Apr 30, 2018

Asgard: Envisioning data infrastructure automation at Gojek

As Gojek scaled, our data infrastructure grew exponentially—handling billions of events daily across a wide range of services. This constant demand meant our platform needed to be not just scalable but highly resilient and flexible. However, we quickly found ourselves spending more time than we’d like on infrastructure provisioning, load testing, and system recovery, time that could be better spent innovating. So, we set out to build Asgard: a toolkit designed to automate these essential processes, freeing our team to focus on the next big thing.

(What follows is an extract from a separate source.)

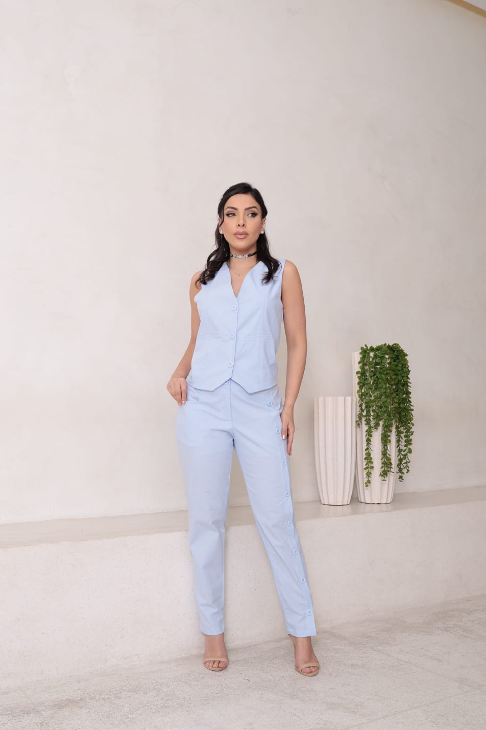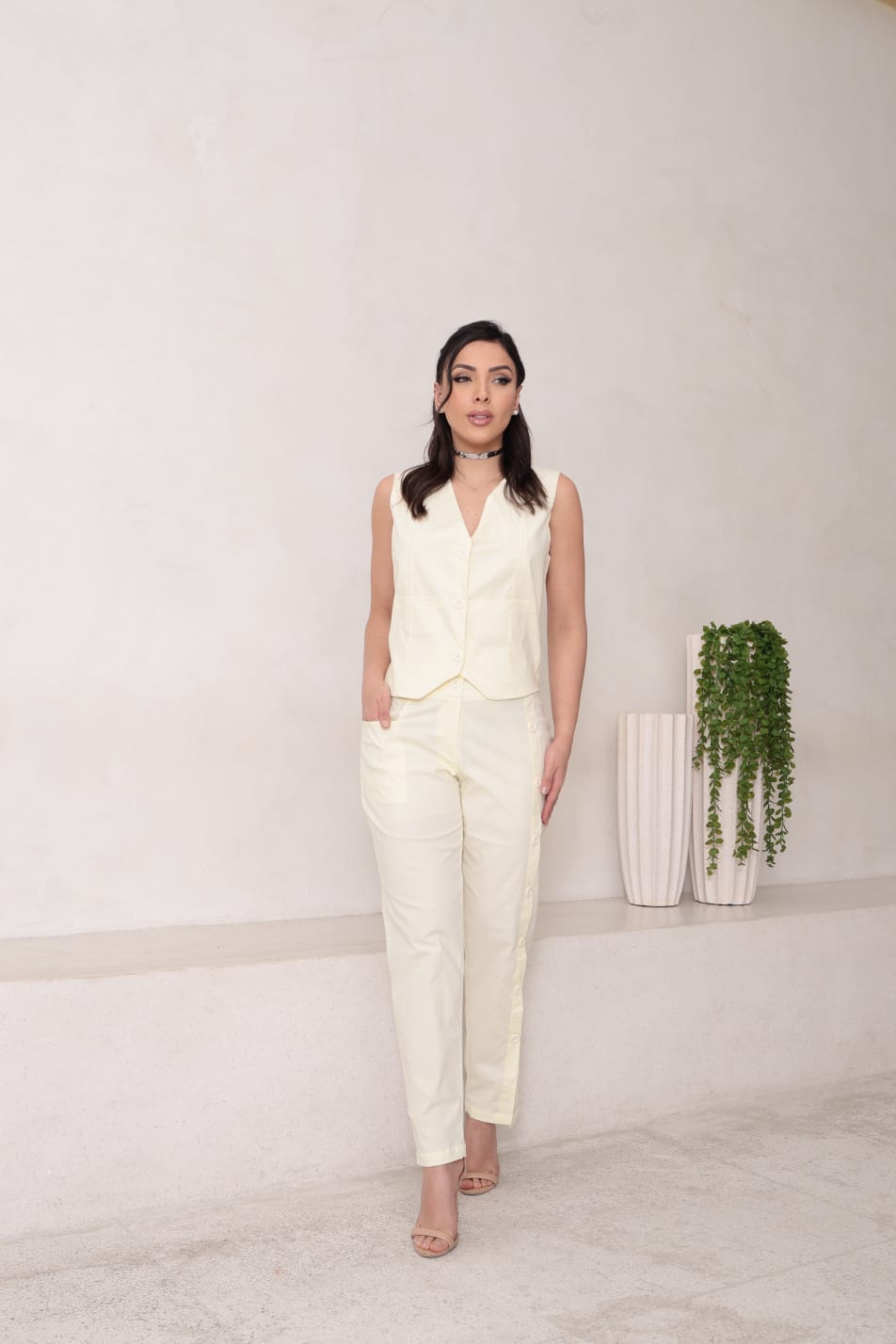Conjunto feminino em tecido tricoline com elastano, com calça que possui botões decorativos e colete com botões funcionais, que traz praticidade e charme ao visual.

Defining the product vision

Every impactful product begins with a clear vision, rooted in solving real problems. For Asgard, this vision was to create an infrastructure experience that was powerful yet seamless, respecting the time and effort of everyone who depended on it. We framed our goals in concrete, actionable terms:

  • Zero Manual Provisioning: Reduce data infrastructure provisioning man-hours to zero.
  • Integrated Load Testing: Make load testing an automatic part of provisioning.
  • Automated Disaster Simulation: Create an environment for controlled disaster simulation.
  • Auto-Healing for a Pager-Free World: Build a system that empowers teams to avoid on-call disruptions through self-healing automation.

Each of these goals addressed specific pain points, pushing us to think strategically about how to structure Asgard for maximum impact.

Personas: Understanding our users

A critical part of our approach was developing user personas. These personas represented the diverse roles within Gojek who would rely on Asgard, allowing us to design with specific needs and challenges in mind:

  • John Doe: A data engineer tasked with infrastructure provisioning.
  • John Roe: A product engineer in need of reliable data infrastructure.
  • Richard Roe: A data analyst working with various data products.
  • Jane Roe: A management stakeholder focused on system reliability.

Each persona guided our decisions, ensuring that Asgard would be intuitive, functional, and scalable for a broad audience.

Product narrative: Why Asgard exists

With a strong product narrative, we humanized the complex challenges Asgard aimed to address. This narrative became the “why” behind every feature, a guiding story that kept our focus clear. By connecting Asgard’s goals to the people it served, we created a unifying context that aligned our team and clarified our mission: to enable a resilient, efficient, and scalable data infrastructure that liberated teams to work independently.

Architecture: Building blocks of automation

The product narrative helped us break down Asgard into five essential services, each with a distinct role in making our vision a reality:

Odin — The infrastructure orchestrator

Odin is Asgard’s infrastructure-as-code solution. It allows us to define and manage infrastructure configurations efficiently, increasing transparency and enabling safe, predictable infrastructure changes.

Loki — Disaster simulation tool

Loki simulates controlled failures, exposing infrastructure to random instance terminations in production. By building resilience through regular disaster simulations, Loki helps teams create services that can withstand unexpected disruptions.

Thor — Auto-Healing for infrastructure

Thor is Asgard’s auto-healing service, detecting infrastructure failures and rebalancing workloads autonomously. This proactive approach keeps systems stable, reassigning tasks from failed nodes and maintaining optimal performance.

Heimdall — Monitoring and visualization

Heimdall provides real-time monitoring and tracing for data infrastructure, building dashboards that track data collection across Gojek. This observability layer allows teams to quickly assess data quality and performance metrics.

Bifrost — Infrastructure access gateway

Bifrost enables Gojek teams to request data infrastructure independently, removing the dependency on data engineers. By granting secure access to relevant data services, Bifrost empowers teams to work autonomously.

Results: From vision to real impact

In the months following Asgard’s implementation, we saw remarkable results. Odin reduced provisioning time by an incredible 99%, despite the increase in requests. Loki allowed us to simulate and handle infrastructure failures confidently, and Thor’s recipes ensured data continuity by replaying old data in cases of disruption.

Currently, we’re working on enabling these services to communicate and coordinate, pushing automation even further.

Reflections: Product narratives in technical architecture

Leading Asgard from conception to deployment underscored the value of blending strategic thinking with technical execution. Defining user personas and product narratives may be common in UX design, but applying these principles to complex, distributed infrastructure design gave us a clear and human-centered roadmap. It’s a technique that proved invaluable, enabling us to build a toolkit that wasn’t just functional but transformational.

As we look forward, Asgard’s development serves as a reminder of what’s possible when vision and execution come together. By focusing on automation, resilience, and accessibility, we created a foundation that empowers teams across Gojek—giving them the freedom to innovate and scale, knowing that the infrastructure is ready for whatever comes next.